Air Force Wraps Up Iraqi Deployment

Maj. Gen. Russell Handy – Commander, 9th Air and Space Expeditionary Task Force-Iraq, and Director, Air Component Coordination Element-Iraq, spoke with reporters from Baghdad today and discussed both the U.S. Air Force efforts in Iraq and those of the Iraqi Air Force as the 2008 security agreement between the two nations winds down. All U.S. forces will have left Iraq by December 31 and the security of that nation will be fully in the hands of its own military.

With the numbers changing daily, MG Handy reported that twelve bases remain either under U.S. control or joint control. Six of those bases are air bases. About 30,000 American troops remain, and around 2,000 of them are from the Air Force.

The U.S. Air Force continues to provide force protection for American bases and troops on the ground despite the low numbers of personnel in country. Handy stressed that the Air Force’s superior aerial refueling capabilities and command and control allow the mission to be performed by aircraft stationed throughout the region. This overwatch will continue until the last member of the U.S. military leaves Iraq.

The general talked about the structure of the Iraqi military’s air components. The Iraqi Air Force has just over 70 fixed wing aircraft and about 5,000 personnel. The Army Aviation Command has about 90 helicopters and around 2,500 personnel. These units also provide aviation assets for the use of the Ministry of Interior and the police forces.

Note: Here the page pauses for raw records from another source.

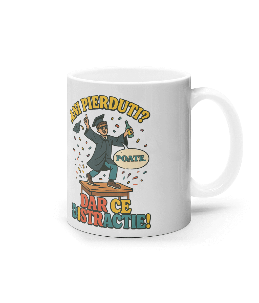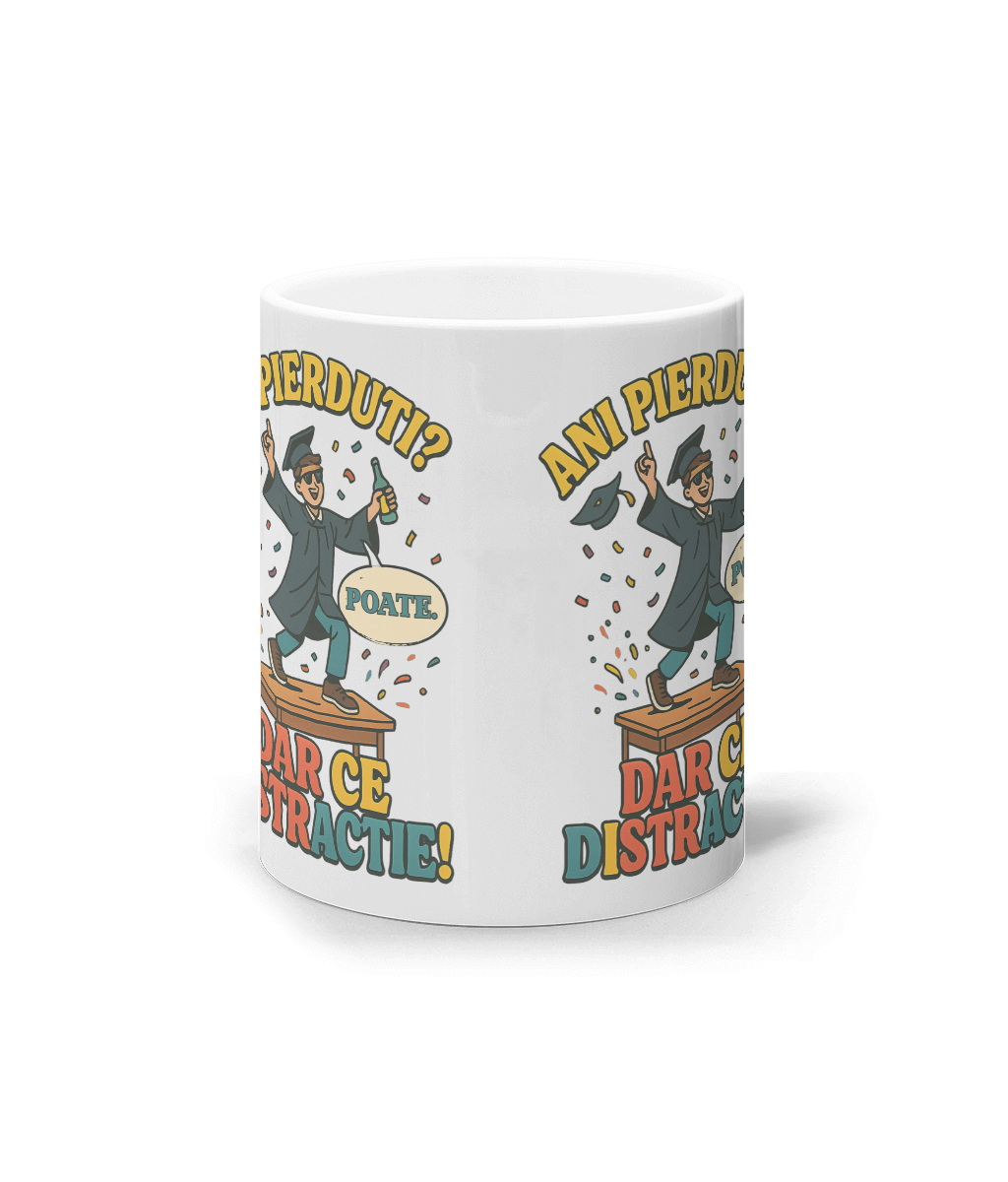 🎉 Cană „Ani pierduți? Poate. Dar ce distracție!” – Pentru absolvenții cu povești de neuitat
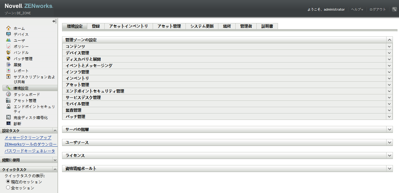 ZENworksコントロールセンターで、[環境設定]をクリックして、[環境設定]ページを表示します。
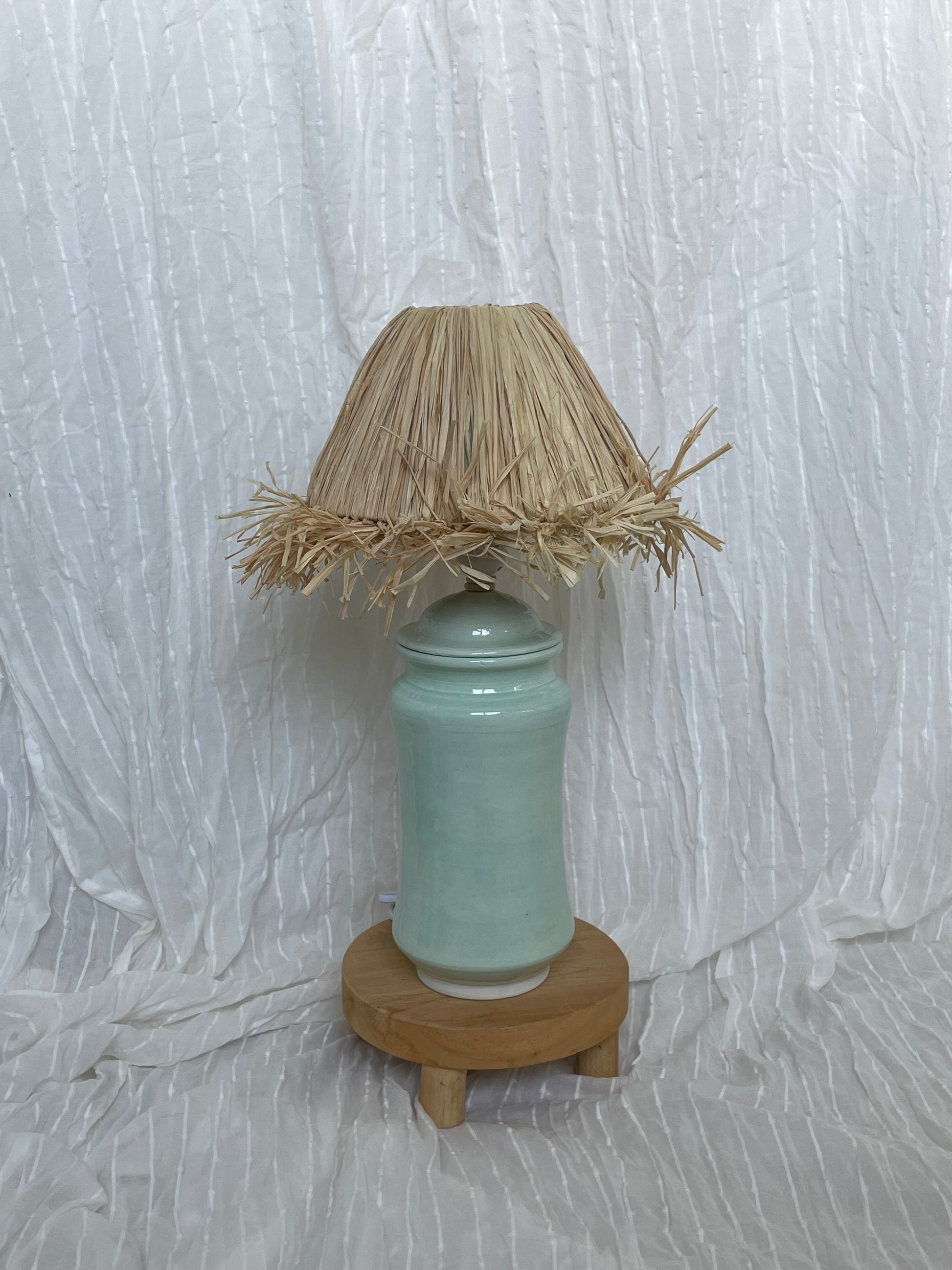 Pantalla hecha a mano nudo a nudo con rafia natural, dándole ese toque de personalidad.
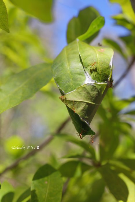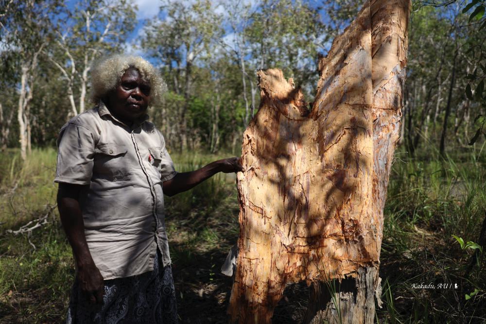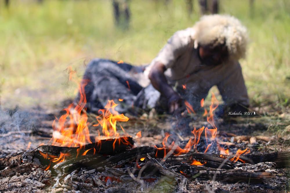 卡卡杜儘管後來也出現人煙,但也是三萬年前的事。這裡擁有澳洲歷史最古老的原住民壁畫,看著在峭壁刻畫下的猪鼻龜與閃電人,我揣想著那到底是懷抱著什麼樣的心情,是閒來無事或想警世?畢竟太過久遠,誰也無法說的實際,不如跟著當地的比尼基族來趟野炊,接真正的地氣。這日中午,銀髮黑臉的貝蒂女士給我們一頓終生難忘的野味,首先她把樹扒了層皮下來當作餐盤,烈日當空怕我們渴,她豪邁地劈下一種稱為 Water Tree 的樹,瞬間、水從樹的斷口噴發而出,嚐起來微鹹,在過去、那是他們旱季的水源。這場野地廚房的午餐,我吃了像萊姆口味的綠螞蟻當開胃菜,砍材升火烤的是從附近溪流捉的魚,鮮嫩美味,沒有餐具就徒手進食,在樹林裡席地而坐,手指剝烤山藥剝的都烏漆媽黑但不覺辛苦,能親身參與這樣一頓田野調查般的傳統炊事,實在太珍貴與難忘。
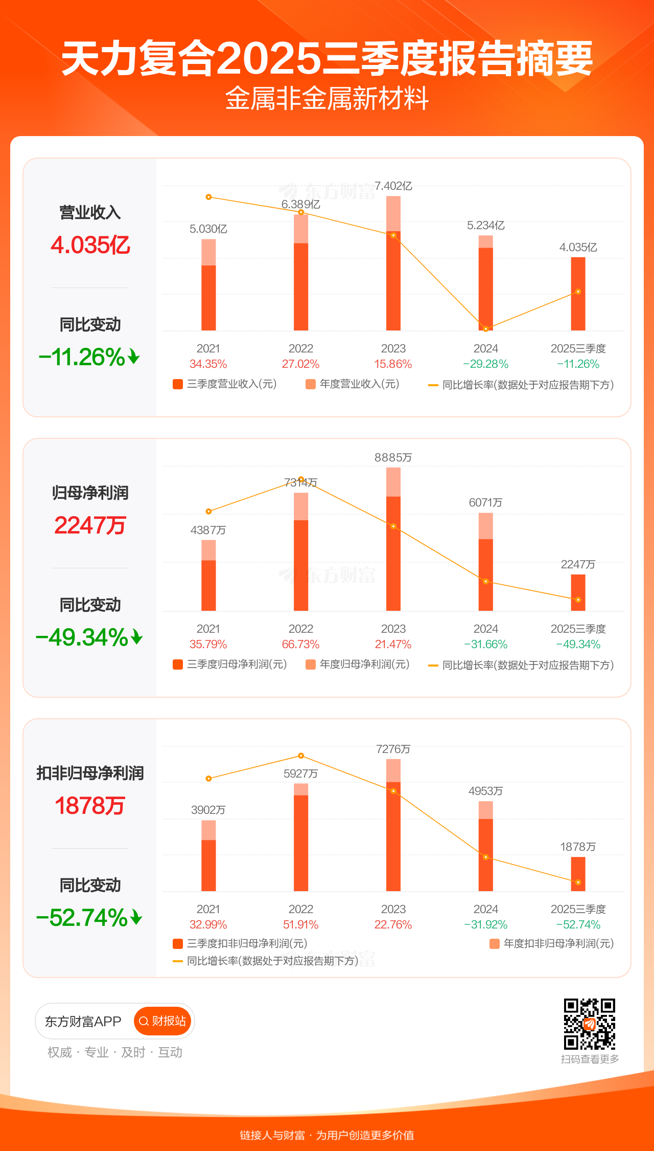 天力复合10月29日发布2025年三季报显示,公司前三季实现营业收入4.04亿元,同比下滑11.26%;归母净利润2246.93万元,同比下滑49.34%;扣非归母净利润1878.40万元,同比下滑52.74%。
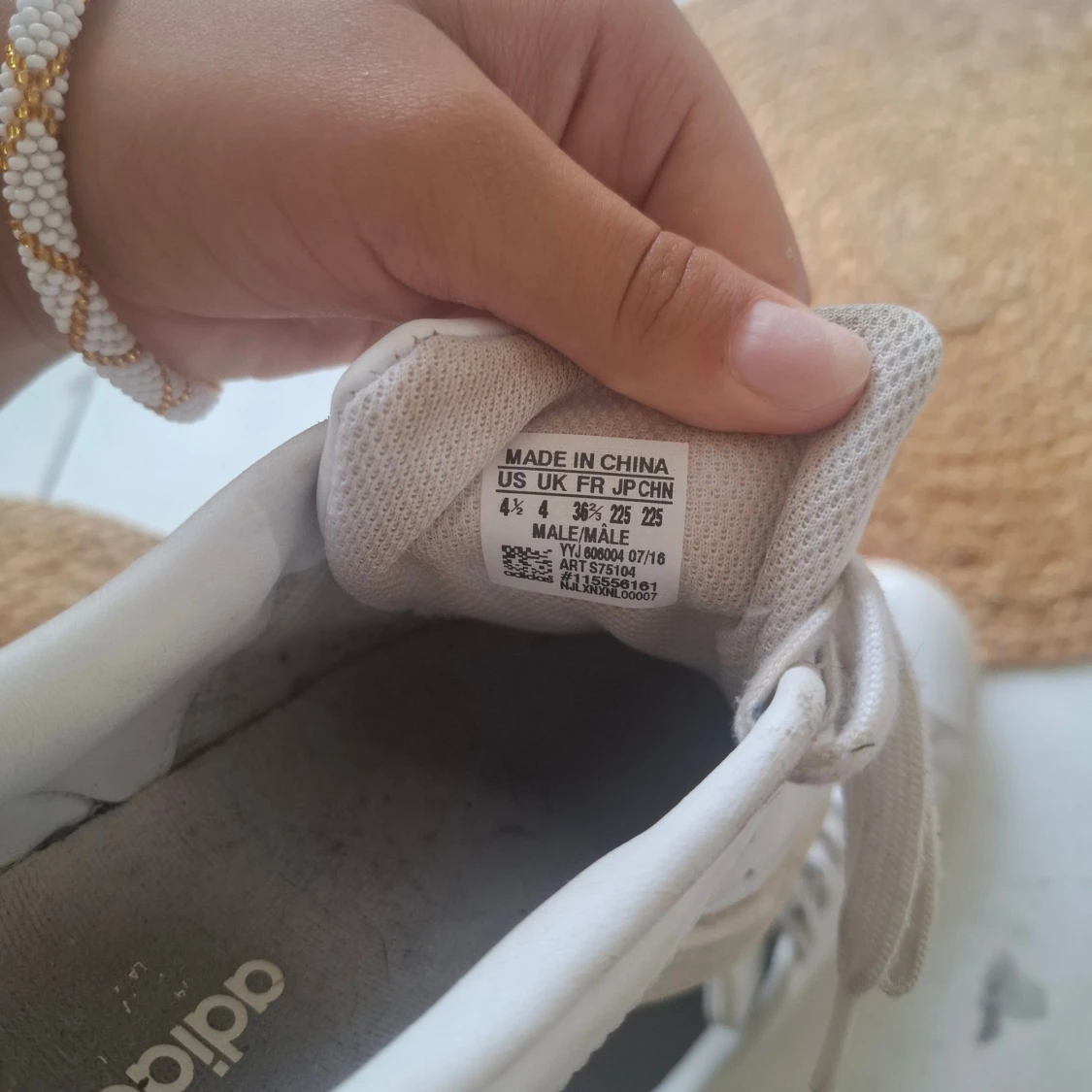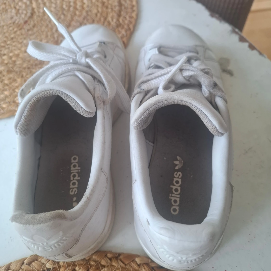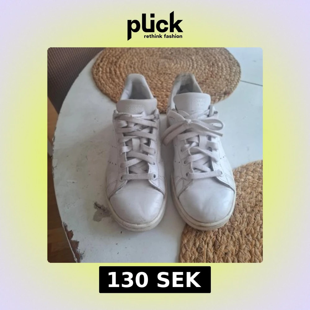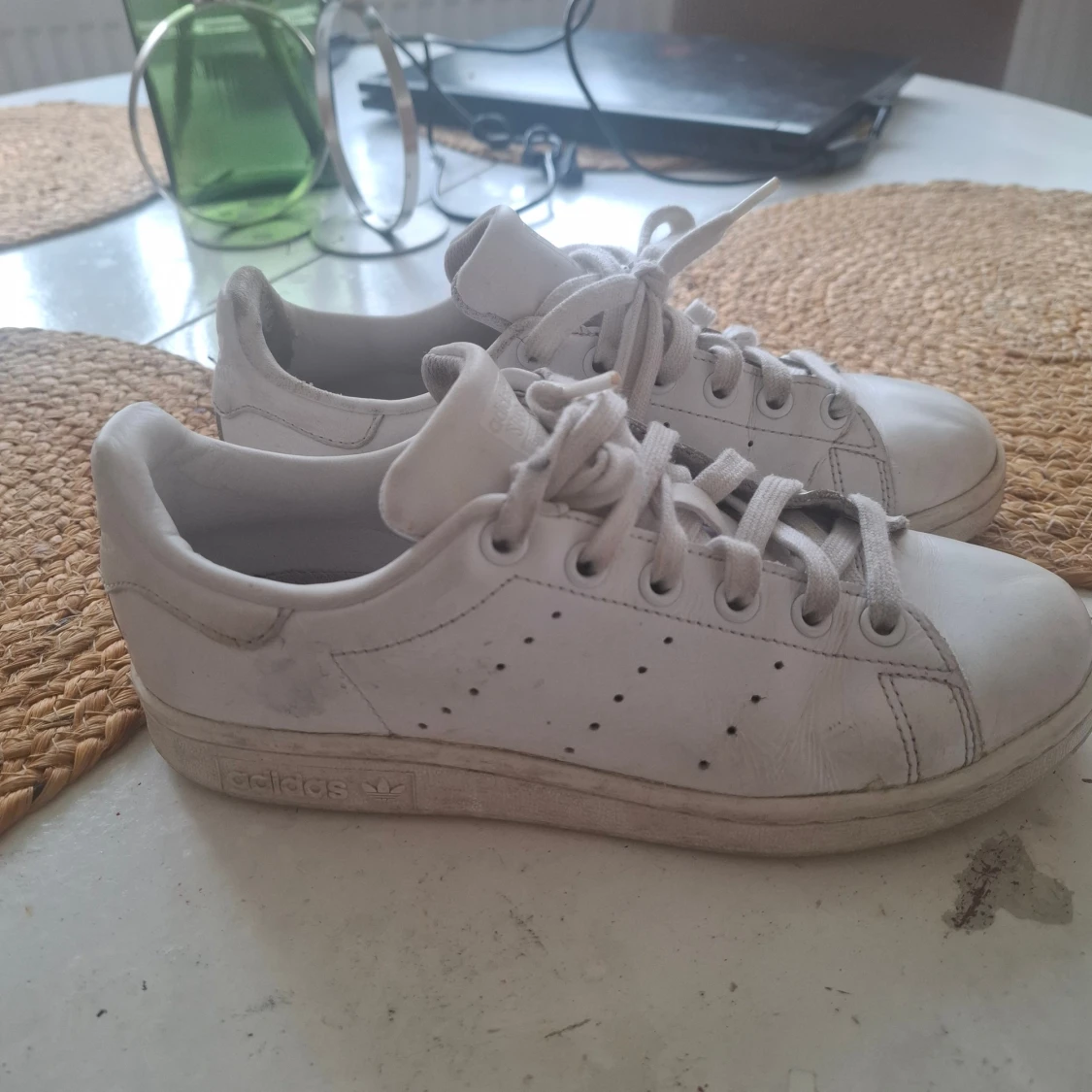 Klassiska vita Adidas Stan Smith sneakers med snörning och perforerade detaljer på sidorna. Skorna har rund tå, platt sula och är tillverkade i skinn. Perfekta för en clean och tidlös stil.

The IAF has three C-130E cargo aircraft. They are buying six C-130J aircraft that will complete that squadron. The C130’s and Army Aviation helicopters are in general use moving personnel and cargo around Iraq.

The Iraqi Air Force has no fighter aircraft. Ten Iraqi pilots are currently beginning training to fly the F-16 in the United States. The IAF is buying a number of F-16’s with the first to be delivered in late 2014 or early 2015. Air defense radars are being installed and Iraqis trained in their use.

Major General Handy stressed that, at this time, there are no agreements beyond December 31, 2011. The defense of Iraq will be in the hands of its military. Within the U.S. Mission to Iraq will be the Office of Security Cooperation that will handle any arms sales to the country by the United States. That office will have a yet to be determined number of U.S. military personnel with experience in contract management and purchasing. The number of such U.S. military personnel will be somewhere in the 100 to 200 range.